An intermittent form. It has a wave-like course, the first symptoms are noted from the age of five months and can last up to two years. An attack can cause any stress factor for the child’s body: vaccination, colds, eating disorders. The symptoms of an attack are expressed in a violation of the coordination of movement, severe vomiting, convulsions. In the absence of timely help, the attack can flow into a coma, with a further fatal outcome. During the period of remission, the child’s condition is within normal limits.
Such children grow up with a delay in physical and psychomotor development.
Diagnosis of leucinosis
To diagnose this disease, an anamnesis analysis is carried out, collecting complaints from parents and the child’s behavior. Changes in it are evaluated. A physical examination of the child, weighing and determination of muscle tone is carried out.
Then laboratory tests are carried out to determine the presence of non-cleaved amino acids in the urine.
The blood is also examined for the presence of non-cleaved amino acids, the material is taken both from the finger and from the vein, on specialized paper. With this method, it is possible to detect an increase in amino acids in the blood in a timely manner in order to prevent the deterioration of the child’s condition.

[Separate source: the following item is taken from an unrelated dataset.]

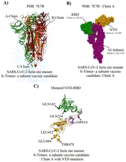 The cryo-electron microscopy structure of the S-Protein trimer, a subunit vaccine candidate for COVID-19 PDB: 7E7B [87], is depicted in Figure 1a, containing chain A, chain B and chain C. Chain A was separated from PDB, and the 7E7B S-Protein trimmer contains the three major units: NTD (14–305), RBD (329–521), and S2 subunit (522–1147), as described in Figure 1b. The structure of the MT-NTD and the mutation in the RBD are pictured in Figure 1c.

If necessary, additional instrumental studies are prescribed to determine the general condition of the child.
Treatment of leucinosis
The main direction of therapy for this disease is to reduce the level of leucine, isoleucine and valine in the child’s blood. To do this, a special diet is prescribed, where the protein is replaced with a special medicine, with the same set of amino acids as in mother’s milk. Vitamin therapy and mineral intake are prescribed. When the child’s condition improves, when appetite appears and his muscle tone normalizes, a minimum amount of cow’s milk is introduced, as well as fruits and vegetables containing protein.
Unfortunately, even compliance with a corrective diet does not guarantee the normal psychomotor development of the child and weight gain. The general prognosis of this disease is unfavorable.